# PROBLEM DETAILS:
All records, exactly as written, minus the pictures: copy them out.

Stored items
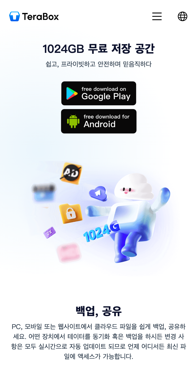 테라박스는 대용량 파일 저장에 특화된 클라우드 서비스예요. 가장 큰 특징은 무료로 1TB(1024GB)의 대용량 저장 공간을 제공한다는 점이에요. 사진, 동영상, 문서 같은 다양한 파일을 업로드할 수 있고, 스마트폰과 PC에서 모두 사용할 수 있어요. 기본적인 클라우드 기능 외에도 자동 백업, 파일 관리, 동영상 스트리밍 기능 등을 지원해요. 다만 중국 서비스이기 때문에 해외 클라우드 서비스를 꺼려 하시는 분들은 이 점 유의하셔야겠어요.
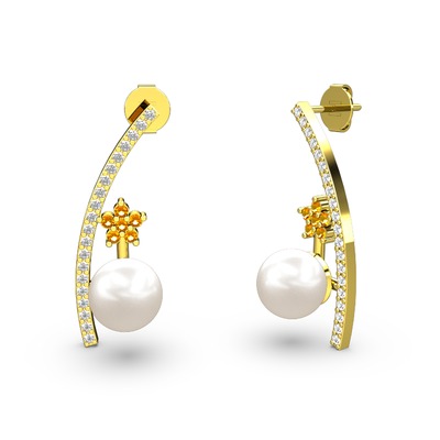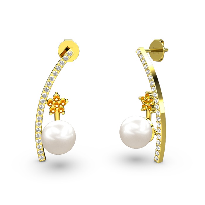 Inci, pırlanta ve sitrin 925 ayar altın kaplama gümüş küpe (0.18 karat)
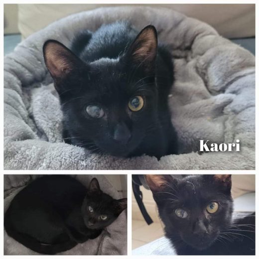 KAORI,cette petite panthère de 3mois,gentille,caline +++ Elle est en grande demande d’amour..Kaori à l’ œil droit un peu voilé,rien de grave,ce qui ne l’ empêche pas d’ être une chatonne pleine de vie. Kaori estLire la suite
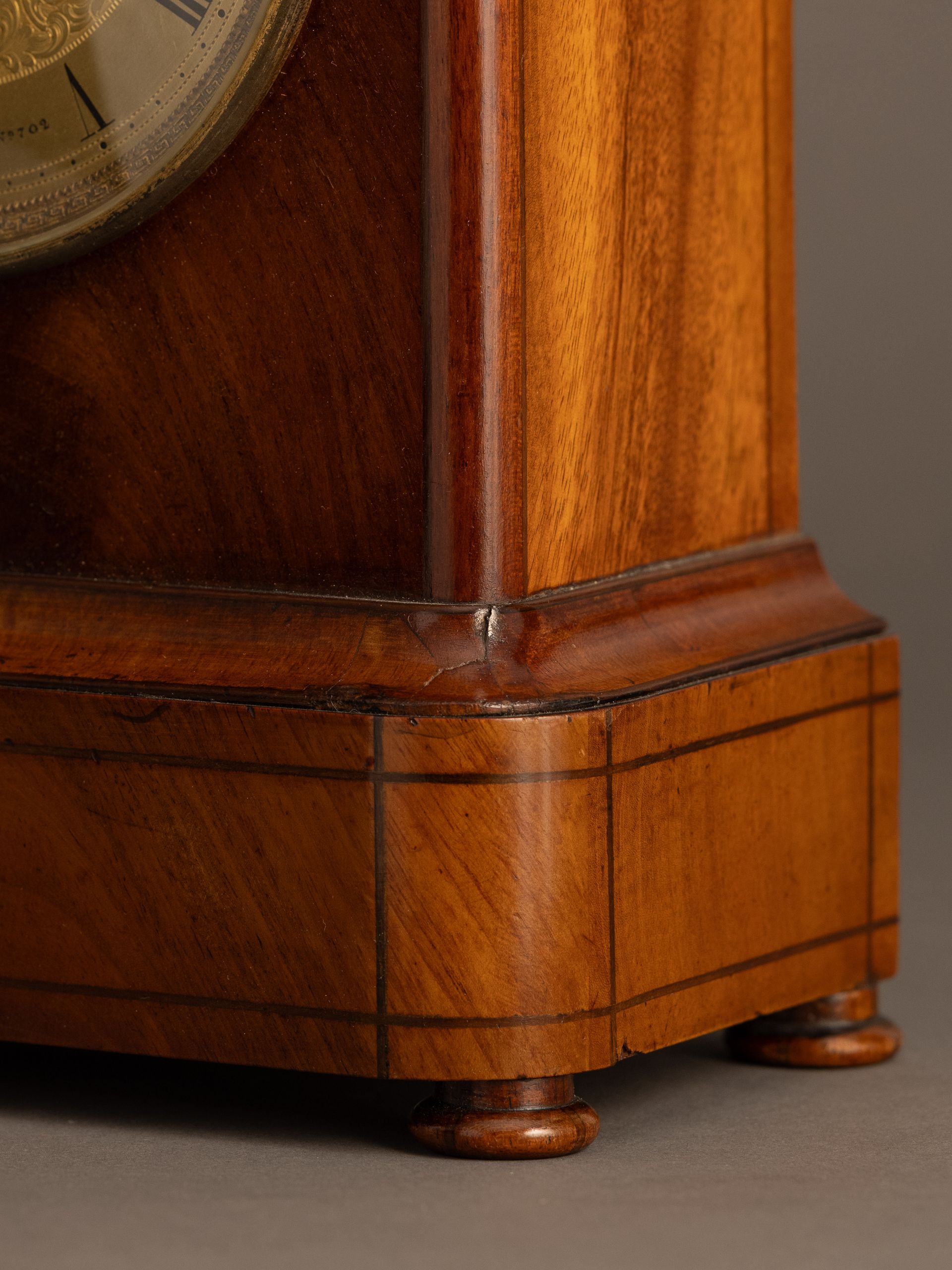 Feine Tischuhr im Wiener Stil (Marriage), Gehäuse im hellen Mahagoni mit zierlichen Intarsien; graviertes und ziseliertes Zifferblatt mit römischen Zahlen; Uhrwerk in schönster Qualität mit Fusée (Kette/Schnecke); Pendel und englisch Ankergang; ohne Schlagwerk; Gravur auf der Rückplatine: «Arnold & Charles Frodsham – 84 Strand»; London um 1845.
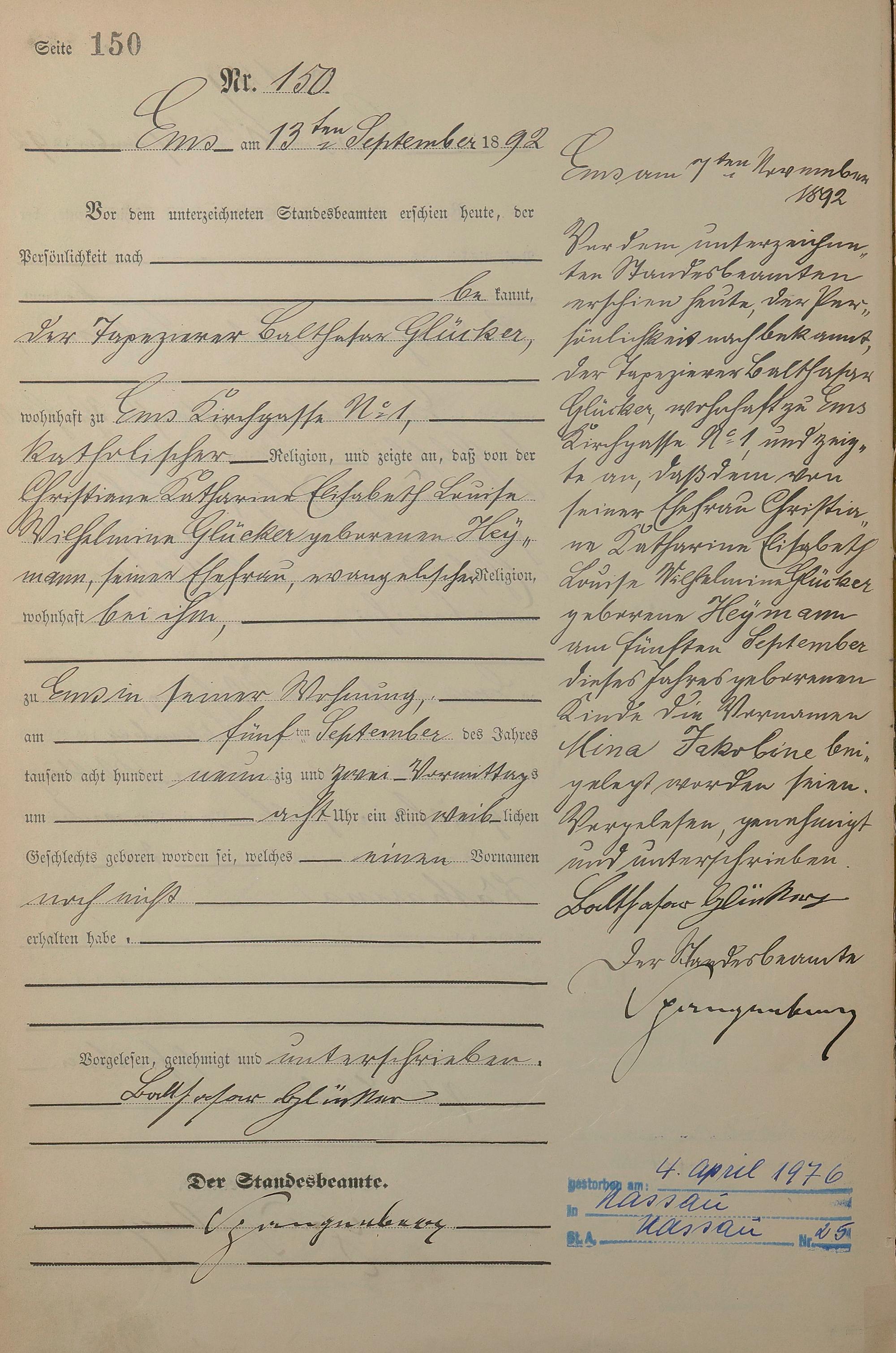 Geburtsregister 1892
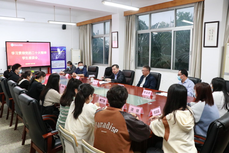 吴仁华书记认真聆听了学生代表们的发言。他强调,党的二十大报告是党团结带领人民全面建设社会主义现代化国家、向第二个百年奋斗目标进军的政治宣言和行动纲领,同学们要在全面学习、全面把握、全面落实上下功夫;要学深悟透,通过学习党的二十大精神,坚定理想信念,坚定不移听党话跟党走;要始终牢记人民至上,始终坚持以人民为中心的发展理念,怀抱梦想、脚踏实地,练就过硬本领。
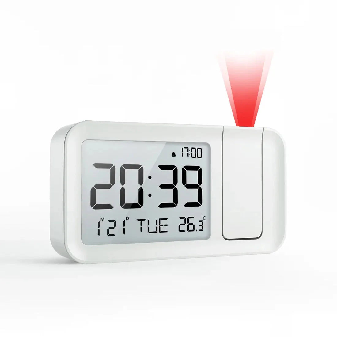 - Tydlig Projektion: En röd och skarp tidsvisning som enkelt projiceras på taket eller väggen.
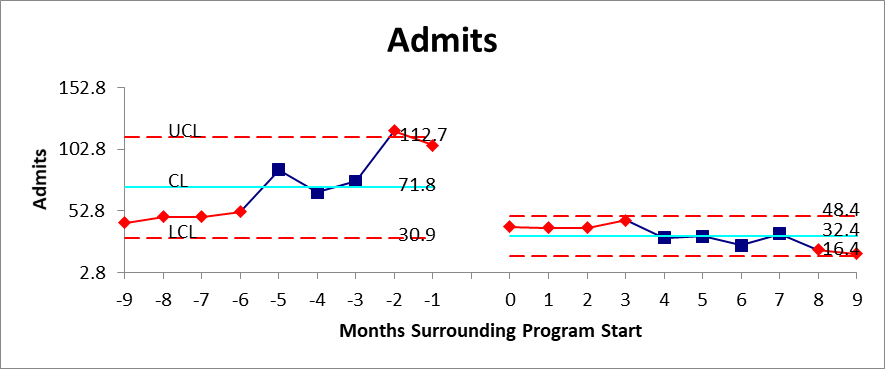 Control Chart 2: Admissions 9 months prior to care plan implementations compared to 9 months after care plan implementation using an upper, median and lower control level. “0” represents the start of the High Utilizer Care Plan.
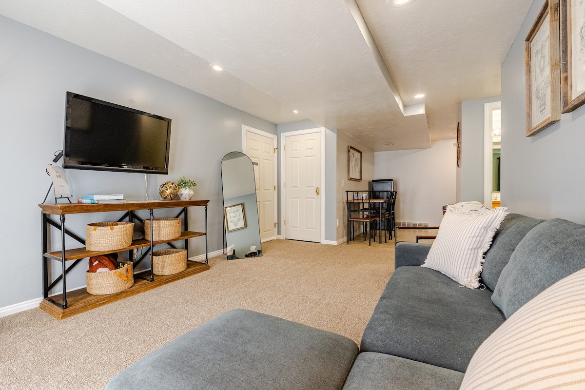 Það getur verið ÓÞÆGILEGT að vera að heiman! En það þarf ekki að vera. Þessi yndislega kjallaraíbúð er fullkomin hvort sem þú ert að heimsækja fjölskyldu, vinna í fjarvinnu eða þarft að gista eina nótt í burtu. Þú færð tilfinningu fyrir hönnunarhóteli með næði í rólegu hverfi og öllum þægindum heimilisins (bílastæði með vandræðalegum inngangi í bakgarðinum, fullbúnu eldhúsi og þvottahúsi, Zoom-vænni vinnuaðstöðu o.s.frv.). AUK ÞESS ertu miðsvæðis í sýslum Utah og Salt Lake og í nokkurra mínútna fjarlægð frá fjöllunum!
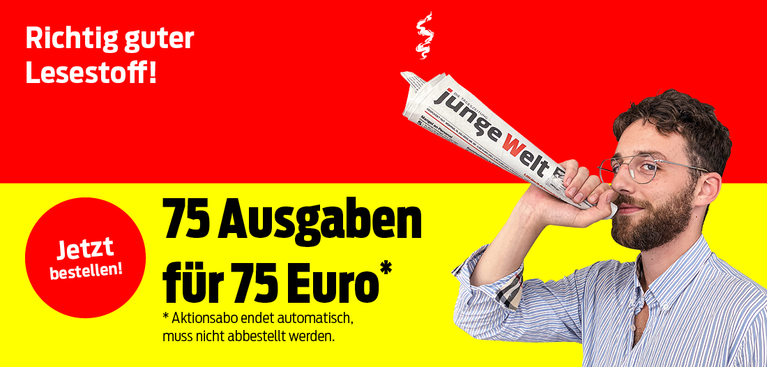 Konkretes Handeln bedarf gelegentlich eines zusätzlichen Anreizes. In den kommenden vier Wochen bedanken wir uns bei allen, die sich mit einem Abo oder einem Umstieg an der Aktion beteiligen, mit unserem Buch »Der Bandera-Komplex«. Dort wird ausführlich über den ukrainischen Faschisten Stepan Bandera und seine Wirkung bis in die Gegenwart berichtet. Während Sie diese Zeilen lesen, wird gerade auf der Buchmesse in Frankfurt am Main das Wirken dieses Herren und seiner Nachfolger für die Rechtfertigung aktueller und künftiger Kriege genutzt. Mit unserem Buch und mit der täglich im Print- oder Digitalformat erscheinenden jungen Welt erhalten Sie das nötige Gegenmittel, um nicht der schleichenden Faschisierung zu unterliegen. In diesem Sinne wäre es auch besonders wertvoll, wenn Sie sich an dieser Aktion beteiligen, indem Sie in Ihrem Bekanntenkreis einen neuen Abonnenten gewinnen könnten. Ob Sie das Buch selbst behalten oder dem neuen Leser schenken, bleibt Ihnen überlassen. Jedes Abo zählt!
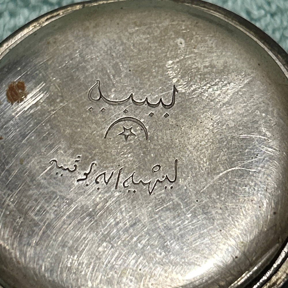 Captains Dual Time Zone Antique Pocket Watch. Working. Silver Case. Arabic Market. EL&B case marked with lion and .800 silver. Real nice dial. Case is excellent except for a side dent that I planned to work out when I serviced. About a size 14. Case is about 58 mm.It’s a beautiful piece of history. Could use a cleaning. Everything works as it should. Please look at the photos and please check my other listing
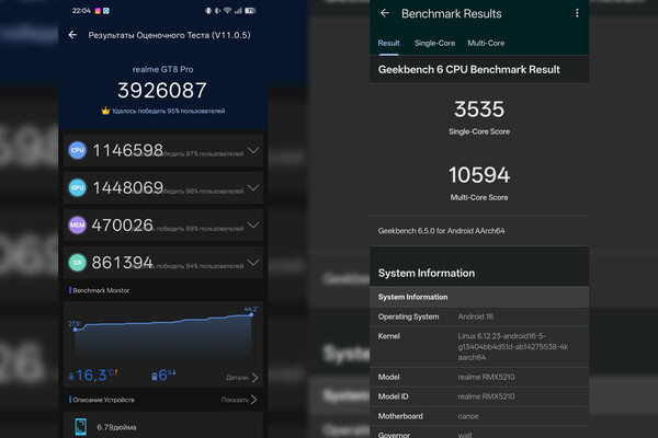 Не исключено, что проблема с нагревом в будущем будет решена обновлениями, как это обычно бывает, и realme GT 8 Pro сможет показать еще более хороший результат. Тем не менее уже сейчас устройство демонстрирует производительность флагманского уровня с существенным запасом на перспективу — как минимум на несколько ближайших лет.
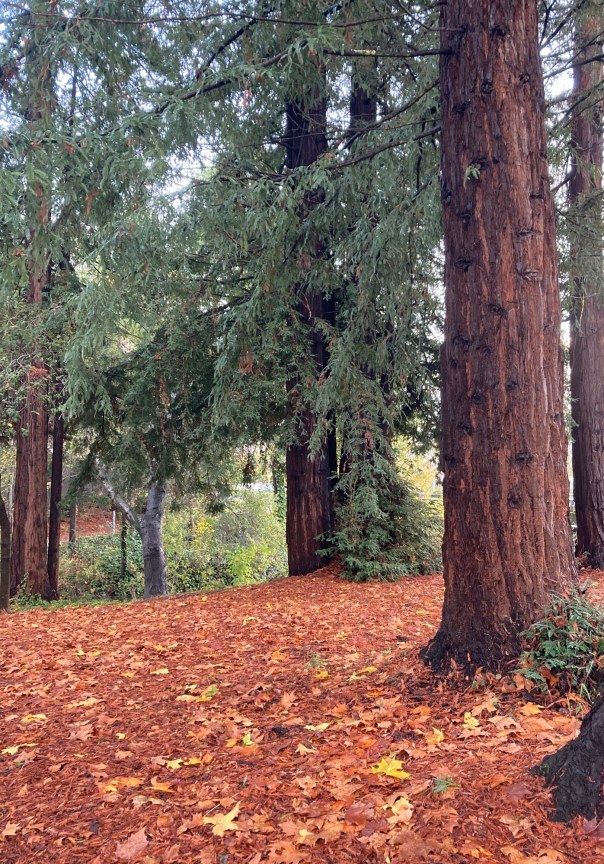 The sky and the clouds! It must be that rain in October and November make for a splendid season, and not just because of the lovely damp-but-mild feeling of the air. As I understand, the rain somehow makes the leaf colors brighter. I drove past a vineyard last week that surprised me so — the colors of the leaves were not just the usual red and yellow and orange, but wide-ranging in deep purples and pinks as well. In my garden the pomegranates have not started turning, and the snowball bush barely.
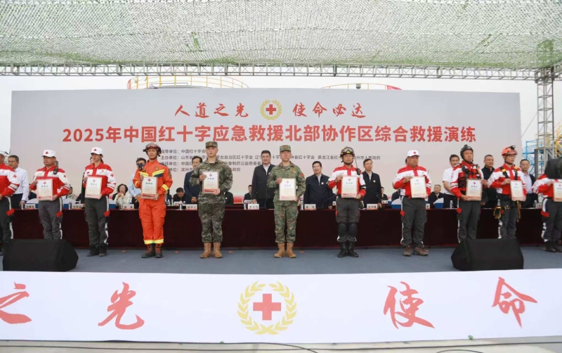 2025年9月28日,由中国红十字会总会指导,山东、内蒙古、辽宁、吉林、黑龙江五省区红十字会联合滨州市人民政府共同主办的“人道之光 使命必达—2025年中国红十字应急救援北部协作区综合救援演练”在惠民县黄河三角洲应急消防实训基地圆满落幕。
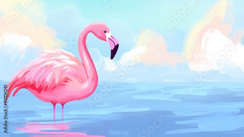 Fototapeta premium Serene flamingo at dawn the tranquil waters
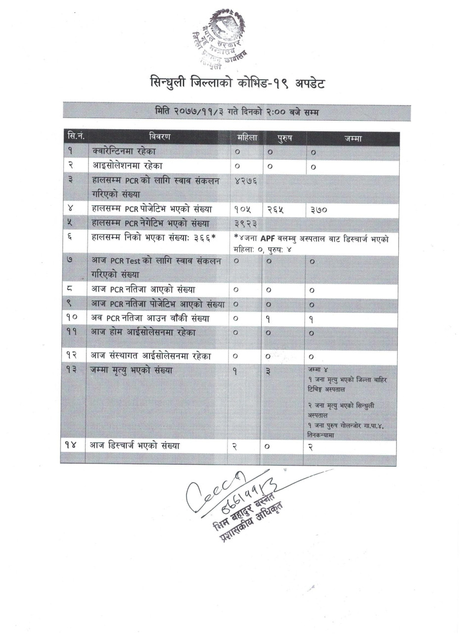 सिन्धुली जिललामा नयाँ भेरिएन्ट सहितको कोभिड-१९ अवस्था (२०७८/०१/२५)
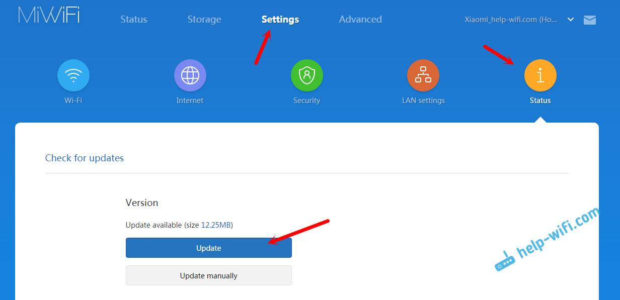 На Ми Вай-Фай можно установить английский язык, скачав альтернативную версию прошивки: в меню настроек (3 пункт слева в самом верху) выберите «Состояние системы» (первый значок справа).
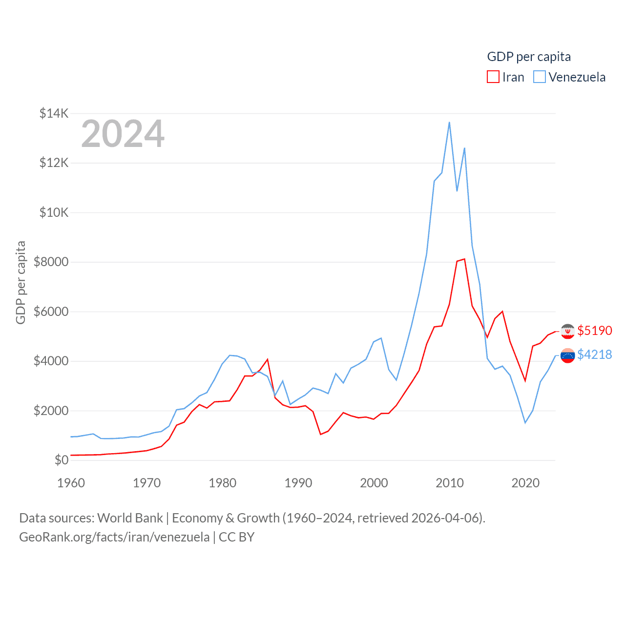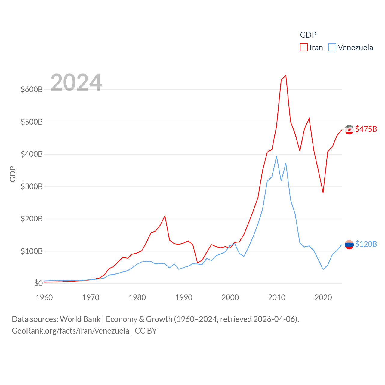 By GDP, Iran ranks 34/197 ($475B) and Venezuela ranks 65/197 ($120B). By GDP per capita, Iran ranks 119/197 ($5,190), while Venezuela ranks 128/197 ($4,218).
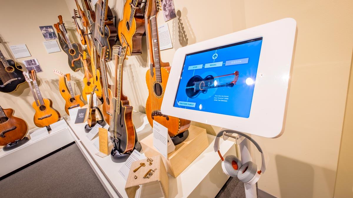 All of the instruments in this exhibition were loaned to the Museum of Making Music by The Miner Museum of Vintage, Exotic & Just Plain Unusual Musical Instruments, except for the Emerald Synergy X7 Artisan Harp Guitar that is owned by the Museum of Making Music, and those noted below:
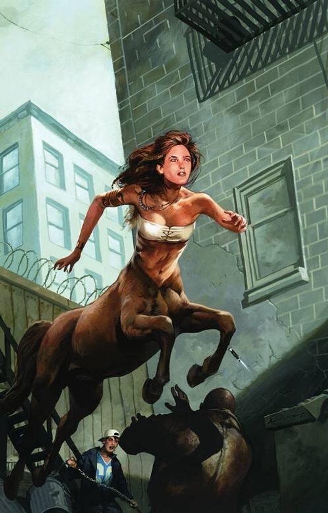 "The Writing on the Wall," a one-shot tale of adventure, begins in Lucifer's cosmos when a beautiful, teenaged centaur dreams about the imminent danger that the Lightbringer will face. Deciding to carry a warning to him, she undertakes the long and perilous journey to the mythical land of Los Angeles. But her encounter with the denizens of Tinseltown - not to mention her Maker - are not at all what she was expecting.

# TASK SOLUTION:
 테라박스는 대용량 파일 저장에 특화된 클라우드 서비스예요. 가장 큰 특징은 무료로 1TB(1024GB)의 대용량 저장 공간을 제공한다는 점이에요. 사진, 동영상, 문서 같은 다양한 파일을 업로드할 수 있고, 스마트폰과 PC에서 모두 사용할 수 있어요. 기본적인 클라우드 기능 외에도 자동 백업, 파일 관리, 동영상 스트리밍 기능 등을 지원해요. 다만 중국 서비스이기 때문에 해외 클라우드 서비스를 꺼려 하시는 분들은 이 점 유의하셔야겠어요.
 Inci, pırlanta ve sitrin 925 ayar altın kaplama gümüş küpe (0.18 karat)
 KAORI,cette petite panthère de 3mois,gentille,caline +++ Elle est en grande demande d’amour..Kaori à l’ œil droit un peu voilé,rien de grave,ce qui ne l’ empêche pas d’ être une chatonne pleine de vie. Kaori estLire la suite
 Feine Tischuhr im Wiener Stil (Marriage), Gehäuse im hellen Mahagoni mit zierlichen Intarsien; graviertes und ziseliertes Zifferblatt mit römischen Zahlen; Uhrwerk in schönster Qualität mit Fusée (Kette/Schnecke); Pendel und englisch Ankergang; ohne Schlagwerk; Gravur auf der Rückplatine: «Arnold & Charles Frodsham – 84 Strand»; London um 1845.
 Geburtsregister 1892
 吴仁华书记认真聆听了学生代表们的发言。他强调,党的二十大报告是党团结带领人民全面建设社会主义现代化国家、向第二个百年奋斗目标进军的政治宣言和行动纲领,同学们要在全面学习、全面把握、全面落实上下功夫;要学深悟透,通过学习党的二十大精神,坚定理想信念,坚定不移听党话跟党走;要始终牢记人民至上,始终坚持以人民为中心的发展理念,怀抱梦想、脚踏实地,练就过硬本领。
 - Tydlig Projektion: En röd och skarp tidsvisning som enkelt projiceras på taket eller väggen.
 Control Chart 2: Admissions 9 months prior to care plan implementations compared to 9 months after care plan implementation using an upper, median and lower control level. “0” represents the start of the High Utilizer Care Plan.
 Það getur verið ÓÞÆGILEGT að vera að heiman! En það þarf ekki að vera. Þessi yndislega kjallaraíbúð er fullkomin hvort sem þú ert að heimsækja fjölskyldu, vinna í fjarvinnu eða þarft að gista eina nótt í burtu. Þú færð tilfinningu fyrir hönnunarhóteli með næði í rólegu hverfi og öllum þægindum heimilisins (bílastæði með vandræðalegum inngangi í bakgarðinum, fullbúnu eldhúsi og þvottahúsi, Zoom-vænni vinnuaðstöðu o.s.frv.). AUK ÞESS ertu miðsvæðis í sýslum Utah og Salt Lake og í nokkurra mínútna fjarlægð frá fjöllunum!
 Konkretes Handeln bedarf gelegentlich eines zusätzlichen Anreizes. In den kommenden vier Wochen bedanken wir uns bei allen, die sich mit einem Abo oder einem Umstieg an der Aktion beteiligen, mit unserem Buch »Der Bandera-Komplex«. Dort wird ausführlich über den ukrainischen Faschisten Stepan Bandera und seine Wirkung bis in die Gegenwart berichtet. Während Sie diese Zeilen lesen, wird gerade auf der Buchmesse in Frankfurt am Main das Wirken dieses Herren und seiner Nachfolger für die Rechtfertigung aktueller und künftiger Kriege genutzt. Mit unserem Buch und mit der täglich im Print- oder Digitalformat erscheinenden jungen Welt erhalten Sie das nötige Gegenmittel, um nicht der schleichenden Faschisierung zu unterliegen. In diesem Sinne wäre es auch besonders wertvoll, wenn Sie sich an dieser Aktion beteiligen, indem Sie in Ihrem Bekanntenkreis einen neuen Abonnenten gewinnen könnten. Ob Sie das Buch selbst behalten oder dem neuen Leser schenken, bleibt Ihnen überlassen. Jedes Abo zählt!
 Captains Dual Time Zone Antique Pocket Watch. Working. Silver Case. Arabic Market. EL&B case marked with lion and .800 silver. Real nice dial. Case is excellent except for a side dent that I planned to work out when I serviced. About a size 14. Case is about 58 mm.It’s a beautiful piece of history. Could use a cleaning. Everything works as it should. Please look at the photos and please check my other listing
 Не исключено, что проблема с нагревом в будущем будет решена обновлениями, как это обычно бывает, и realme GT 8 Pro сможет показать еще более хороший результат. Тем не менее уже сейчас устройство демонстрирует производительность флагманского уровня с существенным запасом на перспективу — как минимум на несколько ближайших лет.
 The sky and the clouds! It must be that rain in October and November make for a splendid season, and not just because of the lovely damp-but-mild feeling of the air. As I understand, the rain somehow makes the leaf colors brighter. I drove past a vineyard last week that surprised me so — the colors of the leaves were not just the usual red and yellow and orange, but wide-ranging in deep purples and pinks as well. In my garden the pomegranates have not started turning, and the snowball bush barely.
 2025年9月28日,由中国红十字会总会指导,山东、内蒙古、辽宁、吉林、黑龙江五省区红十字会联合滨州市人民政府共同主办的“人道之光 使命必达—2025年中国红十字应急救援北部协作区综合救援演练”在惠民县黄河三角洲应急消防实训基地圆满落幕。
 Fototapeta premium Serene flamingo at dawn the tranquil waters
 सिन्धुली जिललामा नयाँ भेरिएन्ट सहितको कोभिड-१९ अवस्था (२०७८/०१/२५)
 На Ми Вай-Фай можно установить английский язык, скачав альтернативную версию прошивки: в меню настроек (3 пункт слева в самом верху) выберите «Состояние системы» (первый значок справа).
 By GDP, Iran ranks 34/197 ($475B) and Venezuela ranks 65/197 ($120B). By GDP per capita, Iran ranks 119/197 ($5,190), while Venezuela ranks 128/197 ($4,218).
 All of the instruments in this exhibition were loaned to the Museum of Making Music by The Miner Museum of Vintage, Exotic & Just Plain Unusual Musical Instruments, except for the Emerald Synergy X7 Artisan Harp Guitar that is owned by the Museum of Making Music, and those noted below:
 "The Writing on the Wall," a one-shot tale of adventure, begins in Lucifer's cosmos when a beautiful, teenaged centaur dreams about the imminent danger that the Lightbringer will face. Deciding to carry a warning to him, she undertakes the long and perilous journey to the mythical land of Los Angeles. But her encounter with the denizens of Tinseltown - not to mention her Maker - are not at all what she was expecting.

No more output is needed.